Dr.Norris,
say you have a cyclopentane substituent on an alkene. It's just 2 carbons with a double bond & a cyclopentane attached to one. You react it with HBr and HOOH. The bromine radical bonds via the donation of an electron from the pi bond. Now, in the next step, is there a Bromine substituent, an extra electron, and a CH2 attached? or just a Bromine and an extra electron? & if the first, how does the hydrogen bond? because the carbon would already have 4 bonds...or can the radical only attach to the CH2 group, giving only one product? idk, sorry, I'm just really confused.

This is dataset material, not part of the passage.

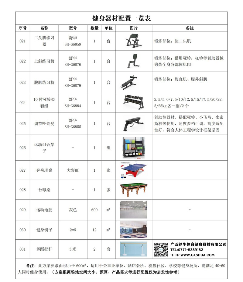 此方案要求面积小于600m²,适用于企事业单位、酒店会所、楼盘社区、学校、商用健身房等健身场所,能满足40-60人同时健身使用。(方案根据场地空间大小、预算、产品需求等进行配置仅为启发性参考)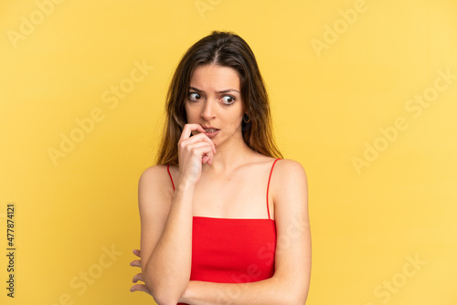Fototapeta premium Young caucasian woman isolated on yellow background nervous and scared

Dr. Norris, with regard to the E1, when you get to the carbocation( in the slide notes) you break off a C-H bond from one of the methyl groups to form the double bond and produce the product. Does it matter which bond you break? Also, the main reason why we use sulfuric acid and not HCL is to get the alkene? Also, is there only one product from that rxn. For instance, methylcyclohexanol has two products, is that because its a regioisomer?

nevermind Dr.Norris, I think I figured out the HBr/HOOH problem. I got a cyclopentane with a CH2-Br attached and a 1-Bromo-1-Methylcyclopentane.

Edited by author 10-22-2009 10:01 PM
Alan - In the second step of the E1 process (deprotonation), as long as the H is in the beta position then it can be removed to give an alkene. HCl (and HBr and HI) will give SN1 and not E1 since the conjugate bases (Cl, Br, I anions) are good nucleophiles; HSO4- is not and E1 occurs instead. Regioisomers are possible when you have more than one type of beta hydrogen.

So are all the reactions we've done exothermic as a whole?

Ouch - mostly, yes. The acid-catalyzed E1 is the main exception which is why we spent time discussing its relationship to the acid-catalyzed hydration of alkenes in Chapter 6.

Thanks...as far as drawing the last transition state of the E1, how do you show the forming of the double bond and the hydronium ion?

Alan - dashed line from H2O to the proton being removed, dashed line from that proton to the carbon it is breaking away from, then a dashed line to the adjacent carbon indicating the pi bond forming. Partial positive charges on the O of H2O and the carbon that was the carbocation.

I'm confused for number 10b on the 2006 exam why is the answer pentane instead of hexane

Amy - because the longest continuous carbon chain has 5 carbons in it and not 6 (?)

in the mechanism for the reaction where we had a cyclohexane with a D and a Br in anti formation that were already lined up to speed up the reaction, is this a concerted process? specifically E2?

Sara - indeed it is.

Dr. Norris,
For the reaction profile of an acid-catalyzed hydration of an alkene, at least on the flash card, why does it only have two transition states (assuming by there only being two hills) when it appears like there would be three looking at the mechanism?

Dr.Norris,
on the fall 07 exam, question 2, b, the answer key says electrophillic addition. wouldn't it be acid-catalyzed hydration?

Josh - that profile is a generic picture for an electrophilic addition (e.g. with HCl, HBr, H2O). There would be a third step in acid-catalyzed hydration which would be the deprotonation of the alkoxonium ion by solvent (water) to give the alcohol product.

Jennifer - acid-catalyzed hydration is an example of electrophilic addition.